Employee Ownership Trusts 'EOTs' are a useful tool for succession planning whereby a controlling interest in a trading company can be passed to the company's employees with the associated disposal being free of CGT for the vendor.
An EOT is set up with at least one trustee. The shareholders of the company sell more than 50% of the current share capital to the EOT under a share purchase agreement. The purchase price is left outstanding as a debt owed by the EOT to the vendor shareholders. The company uses its future profit to make payments to the EOT which in turn pays down the debt to the vendor. There can be a third-party financing arrangement should the vendor require the proceeds earlier than the company can create profits.
For the vendor to receive their full consideration, the company must remain profitable as it is these future profits which are used to repay the vendors debt.
The shares held by the employee benefit trust will be held by trustees acting for the employees. The selection of trustees may well be difficult, as one would be seeking those who are fully aware of their duties. While directors of the underlying company can act as trustees it is advisable to keep director trusteeships to a minimum to avoid conflicts of interest. Trustees’ obligations are prescribed by law and to a considerable extent, require the trustees to act cautiously, which may mean that they are disinclined to allow the company to borrow to any great extent and there may be other occasions when their obligations override what would be seen as normal commercial behaviour. Trustees are also exposed to personal liability, which again acts as a natural inhibitor as to their appetite for risk.
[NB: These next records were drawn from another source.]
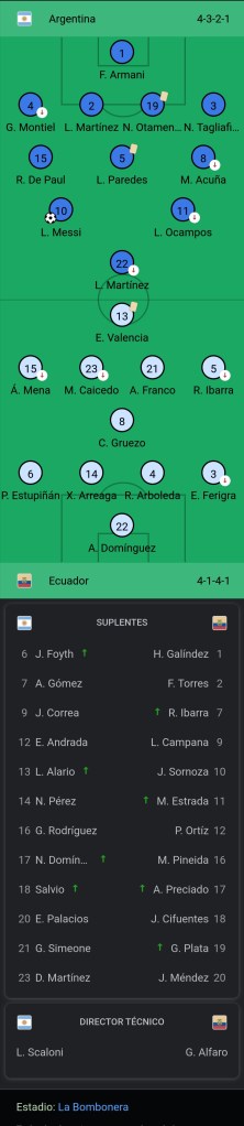 El seleccionado argentino jugó ante el de Ecuador, en un partido que arrancó poco después de las 21.30 en la cancha de Boca Juniors, por la primera fecha de las eliminatorias sudamericanas rumbo al Mundial de Qatar 2022, con el arbitraje del chileno Roberto Tobar y las siguientes alineaciones: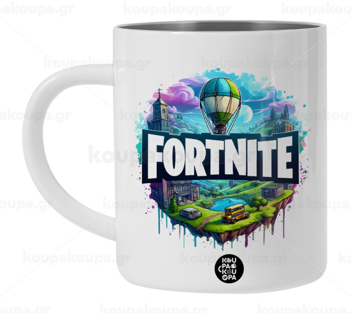 Fortnite land, BIG Mug Stainless steel double wall (450ml, White)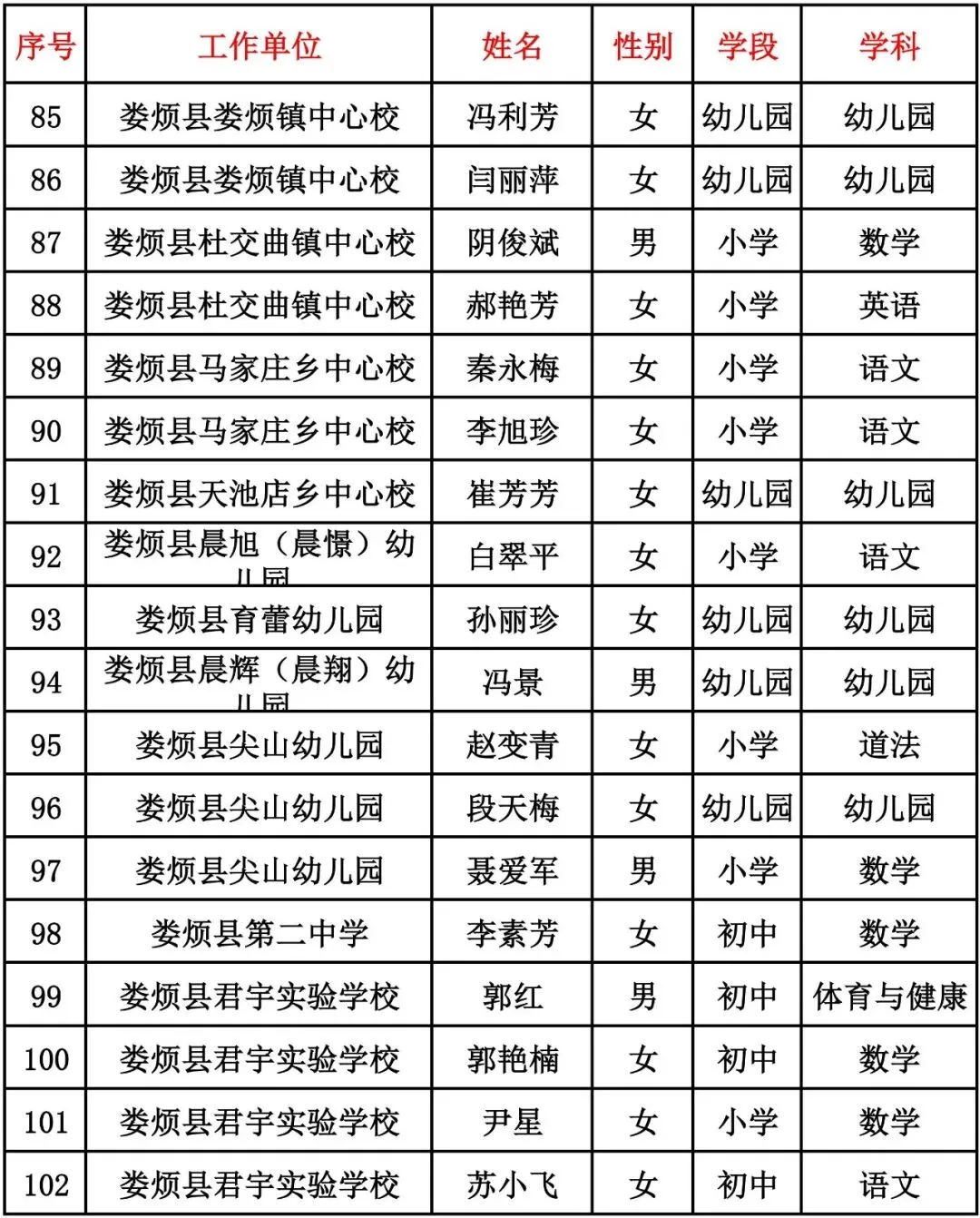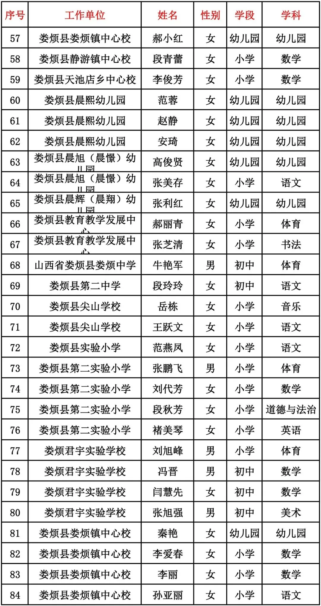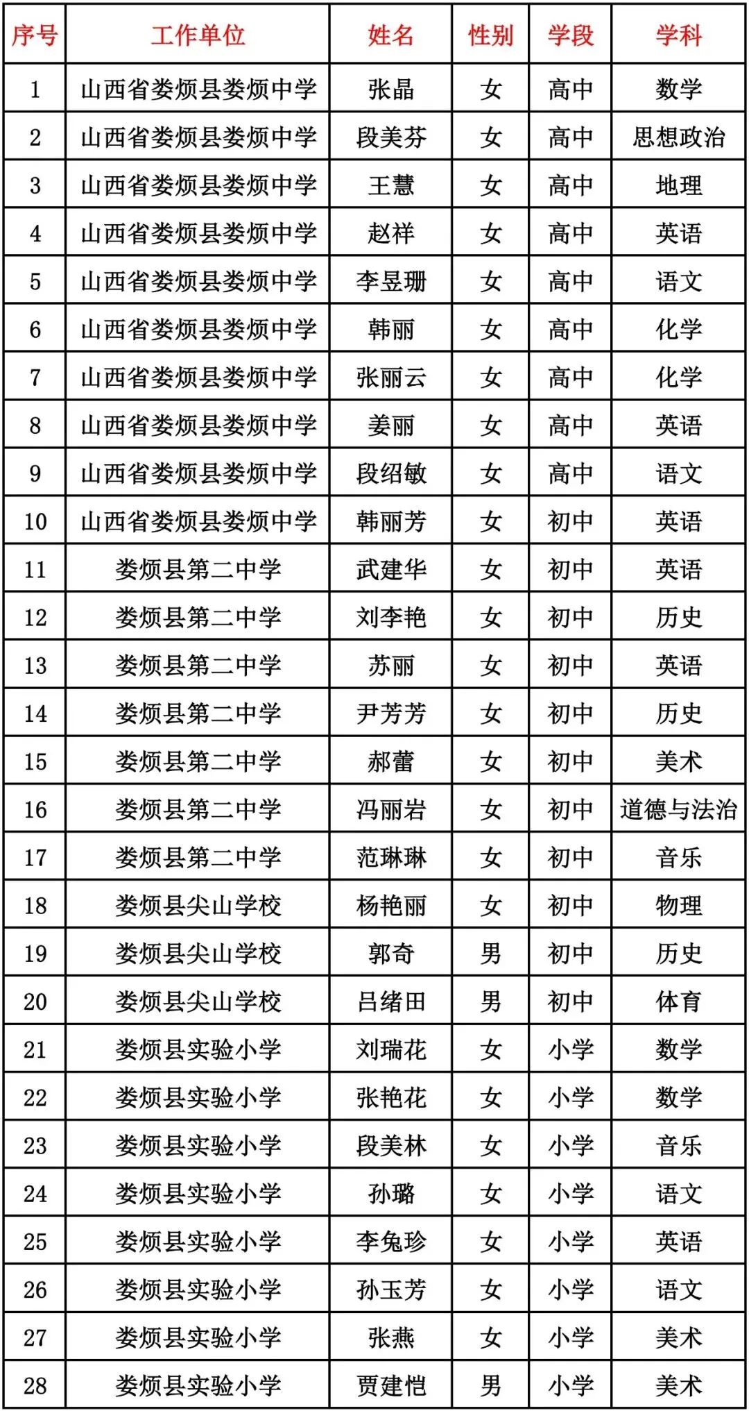 2025年度娄烦县中小学教师一级职称拟任职资格人员名单公示

If any disqualifying events occur in the tax year the EOT acquires the shares, or the following tax year then the capital gains tax advantages for the vendor will be withdrawn and capital gain tax will be payable. If any disqualifying events occur after this period then there will be a deemed disposal resulting in CGT payable by the EOT trustees. Avoiding UK CGT in this situation could be possible by ensuring the EOT is not UK tax resident by appointing professional overseas trustees.
The trustees would normally be able to control whether a disqualifying event occurred or not. The following are disqualifying events:
All eligible employees must be able to benefit from the scheme and distributions from the scheme must be made on the same terms to all beneficiaries. However, the £ amount of any distribution can change depending on the following factors: length of service, hours worked and remuneration level. For example, you could set a bonus of £100 per year worked.
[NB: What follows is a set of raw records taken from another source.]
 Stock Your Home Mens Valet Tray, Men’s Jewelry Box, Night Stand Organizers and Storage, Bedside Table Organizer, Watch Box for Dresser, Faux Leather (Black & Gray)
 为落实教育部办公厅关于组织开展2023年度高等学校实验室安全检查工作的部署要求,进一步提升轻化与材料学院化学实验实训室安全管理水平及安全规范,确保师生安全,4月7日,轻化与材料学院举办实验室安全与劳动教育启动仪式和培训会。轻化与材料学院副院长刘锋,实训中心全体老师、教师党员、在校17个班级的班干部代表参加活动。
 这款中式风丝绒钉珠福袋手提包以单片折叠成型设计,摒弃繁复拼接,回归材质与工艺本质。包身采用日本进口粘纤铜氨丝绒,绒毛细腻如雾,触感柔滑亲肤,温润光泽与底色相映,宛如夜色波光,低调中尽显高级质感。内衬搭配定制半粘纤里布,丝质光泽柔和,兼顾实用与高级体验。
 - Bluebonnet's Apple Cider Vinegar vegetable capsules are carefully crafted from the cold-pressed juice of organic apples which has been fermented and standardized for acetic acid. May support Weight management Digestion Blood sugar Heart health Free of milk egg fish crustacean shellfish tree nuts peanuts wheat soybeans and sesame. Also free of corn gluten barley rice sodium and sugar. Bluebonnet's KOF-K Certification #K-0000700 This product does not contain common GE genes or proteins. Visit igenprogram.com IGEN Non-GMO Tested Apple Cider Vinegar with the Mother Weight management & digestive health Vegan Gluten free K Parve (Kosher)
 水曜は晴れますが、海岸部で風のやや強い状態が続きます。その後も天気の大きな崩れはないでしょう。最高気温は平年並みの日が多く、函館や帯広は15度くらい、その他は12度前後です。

Per tax year a £3,600 bonus can be paid from the company controlled by the EOT to the EOT beneficiary free of income tax, although NIC would still be payable. Any bonus paid in excess of £3,600 would be subject to the usual payroll taxes.
It would be advisable to seek a professional share valuation ahead of such a transaction as there is no mechanism to agree a valuation with HMRC for this purpose.
IHT planning should be carried out along side the transaction for the vendor as they would be selling an asset which would likely qualify for 100% Business Property Relief for cash and/or a loan balance which would not qualify for the relief.
The EOT is considered independent for the purposes of most share incentive schemes for example EMI schemes and SIPs.
It is also possible for businesses held by partnerships to be sold to an EOT in a process that involves the partnership incorporating prior to the sale to the EOT.